Okay, it's Friday afternoon, and this story looks good. This is another one of those science reports that creatively uses common language to describe complex science.
It looks so good, I am just copying part of the John's Hopkins medical center press release into this:
If a dividing cell's activity is a pop song, then the same process in an immune cell is an extended-play dance remix. The basics of cell division are the same in both, but there's a heck of a lot more going on in immune cells, Johns Hopkins scientists have discovered.

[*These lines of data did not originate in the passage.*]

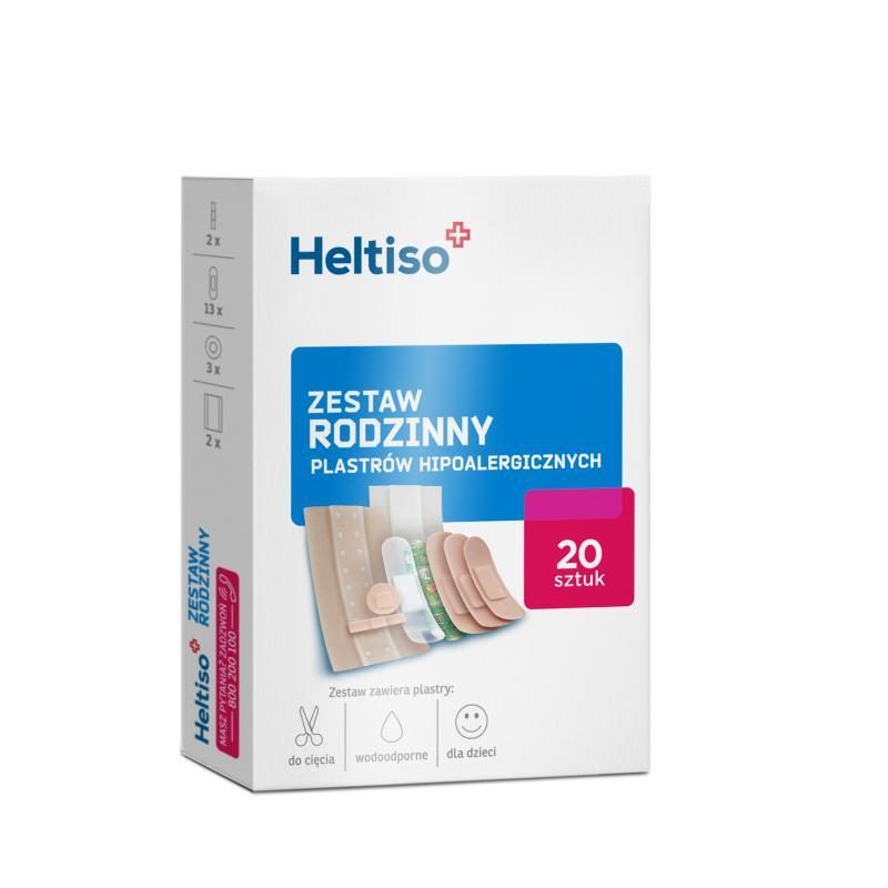 Zestaw plastrów rodzinnych jest idealny do domowej apteczki. Zawiera 20 plastrów z opatrunkiem na 4 różnych materiałach: foli PE i PU, włókninie i tkaninie; o różnych wymiarach, pozwalających dostosować je do wielkości skaleczeń. Plastry pozwalają skórze oddychać, są delikatne i miękkie w dotyku, mocne i wytrzymałe, dobrze przylegają do skóry. Poduszka absorpcyjna zapewnia wchłanianie wysięków z rany.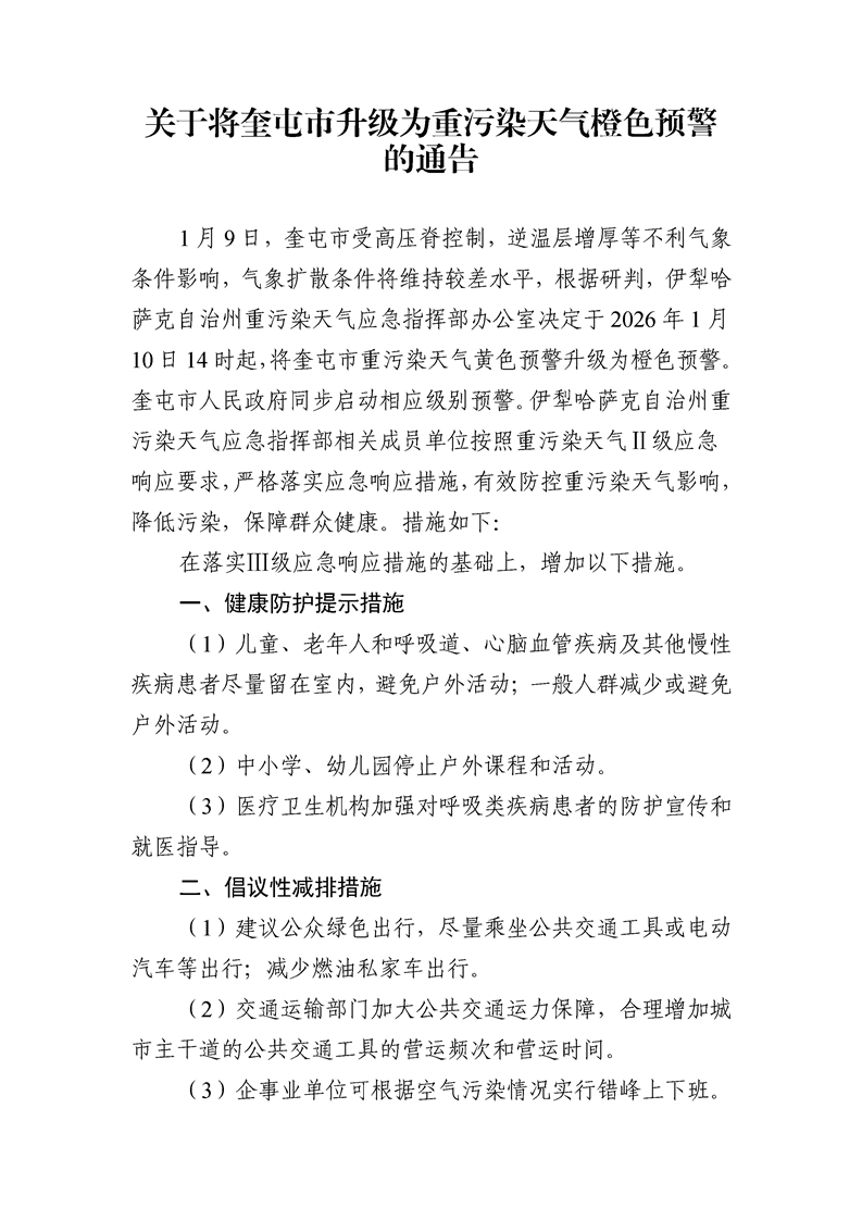 关于将奎屯市升级为重污染天气橙色预警的通告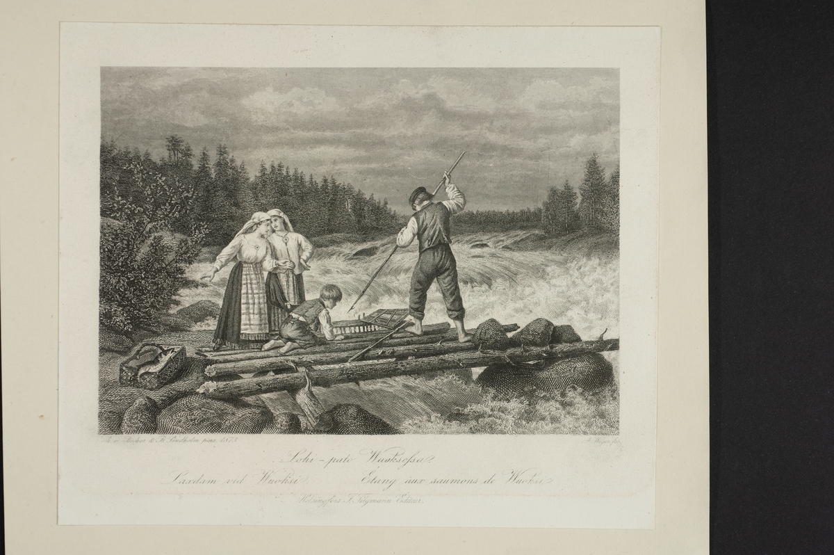 Ark med monterad bild och text: "Laxdam vid Wuoksi. A. v Becker & B. Lindholm pinx 1873."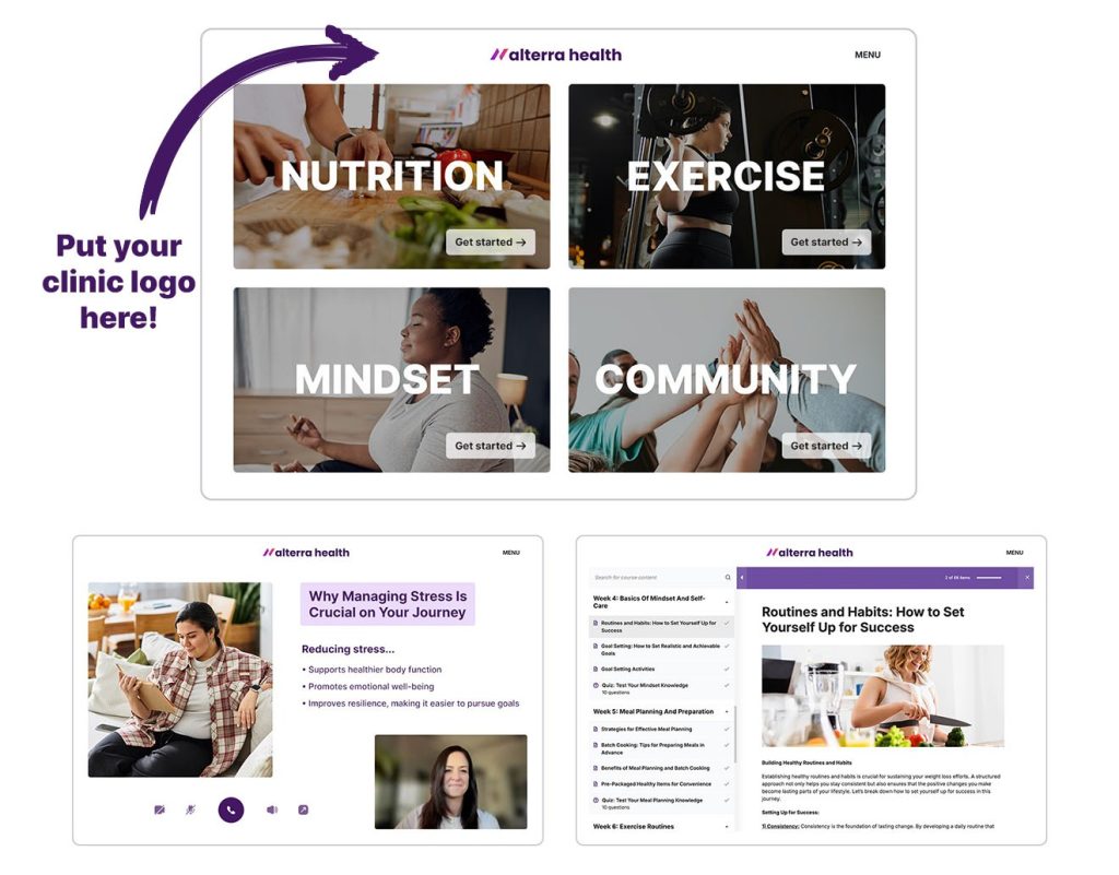 Alterra Health’s 360° lifestyle platform is a plug-and-play solution that integrates seamlessly into existing practice workflows with zero hassle. The platform can be branded with your clinic logo for a seamless patient experience. It’s everything providers wish they had time to provide, now in one simple platform designed to complement clinical care.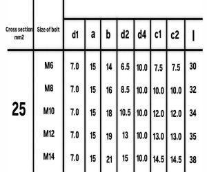 سوراخ ( پیچ ) نرمال برای کابلشو سایز 25 سوراخ 8 میباشد و سوراخ های سفارشی این سایز عبارتند از : سوراخ 6 ، 10 ، 12 و 14 .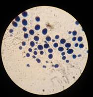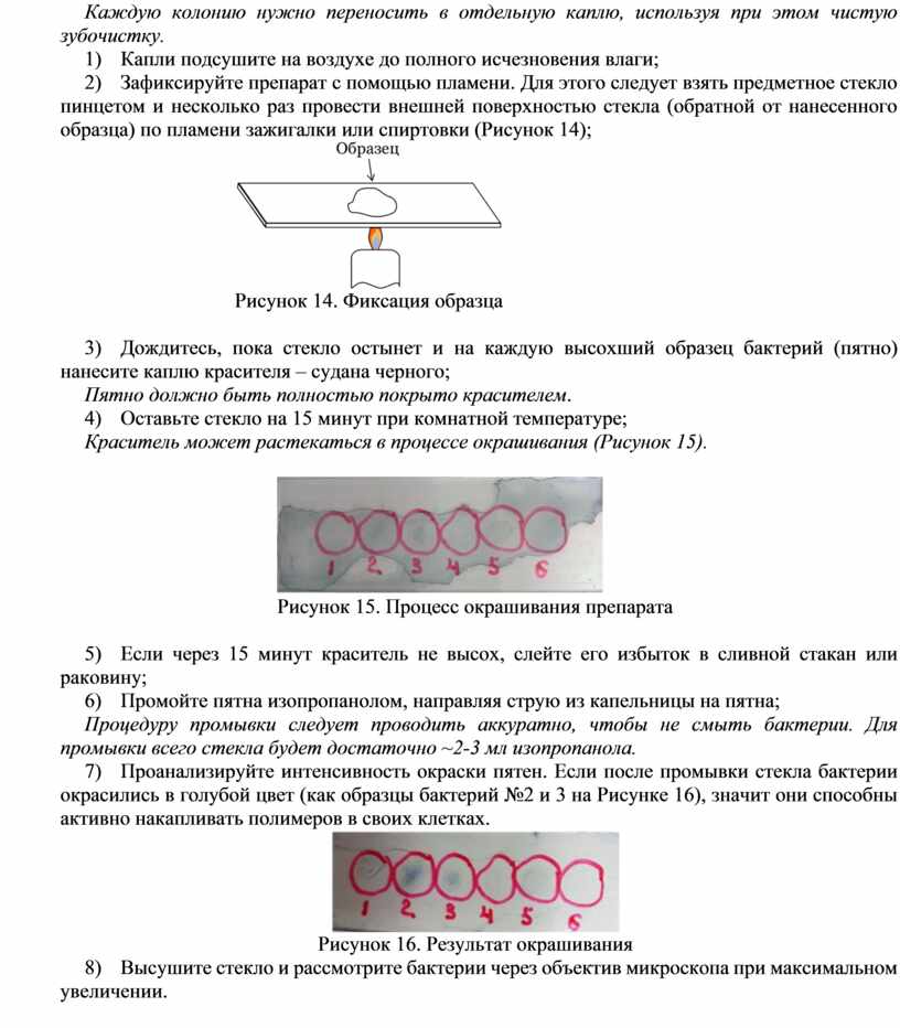 12) Проанализируйте интенсивность окраски пятен. Если после промывки стекла бактерии окрасились в голубой цвет (как образцы бактерий №2 и 3 на Рисунке 16), значит они способны активно накапливать полимеров в своих клетках.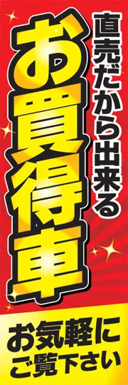 のぼり屋さんドットコムTOP > 既製デザインのぼり旗 > 車 > 新車・中古車 > 直売だから出来るお買得車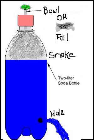 1. Remove the cap from the bottle. If you have a removable bowl from another bong you may attempt to drill a hole in the center of the cap and fit the bowl. If you?re lazy or just don?t have a removable bowl you?ll need the oh-so popular aluminum foil. Toss the cap and wrap a piece of aluminum foil around the top of the bottle, acting as a new cap. The aluminum foil should dip slightly into the bottle forming a "bowl". This bowl should be able to be taken off and replaced easily. If you?ve gone with the removable bowl/cap combo then you?re set, just screw on and off.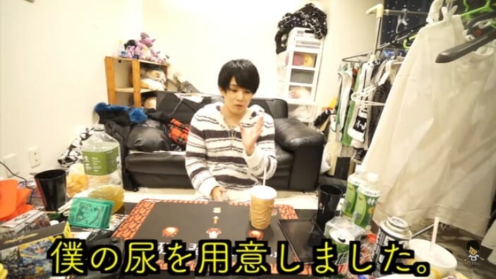 動画冒頭、「飲尿健康法」という言葉を用いて、用意したのはなんと自分の尿。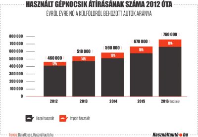 Negyedik éve tart a dinamikus bővülés a hazai használtautó-kereskedelemben. Ennek eredményeképpen a hazai használt személyautók körében 2016-ban várhatóan 615 ezer körüli adásvétel zajlik le, miközben az import használt autók száma elérheti a 143 ezret.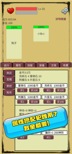 狗子放置破解版是一款非常有趣好玩的角色扮演类休闲文字游戏,游戏整体采用了相对来说比较轻松的挂机玩法,游戏的主角是一只小黄狗,玩家在游戏中要努力提升它的等级和技能,只有这样你才能面对更加强大的敌人,玩家可以在游戏中去选择各种不同的怪物难度去进行战斗,给你带来全新的体验,不断的去提升自己的等级,这样就可以让自己变大更强,挂机的战斗方式,玩起来也是非常的轻松,给你带来更多的挑战,在战斗之中不断的提升自己的实力。许多强有力武器装备需要玩家通过挂机来轻松获取,不用耗费过多时间就能享受游戏的乐趣。

All dividing cells have to faithfully copy their DNA so that both new cells get the same information, and immune cells are no exception. But only immune cells must do some genetic rearranging -- a genetic "jam session" -- so they can make the endless variety of antibodies needed to fight infections and foreign proteins in general. If this recombination happens at the wrong time or interrupts the wrong genes, lymphoma, a cancer of tissues that make immune cells, may result.
Although the jam session itself -- the actual rearrangement of particular genes -- is well- studied and has an official name, V(D)J recombination, no one had ever tied its beginning or end to the process of cell division.
Writing in the June 10 issue of Molecular Cell, researchers from Johns Hopkins report that the band leader that normally launches the DNA-copying machinery to start cell division also brings the jam session to a close, intricately connecting the two processes.
Really, for those of you somewhat familiar with immune system science - it gives you an interesting picture!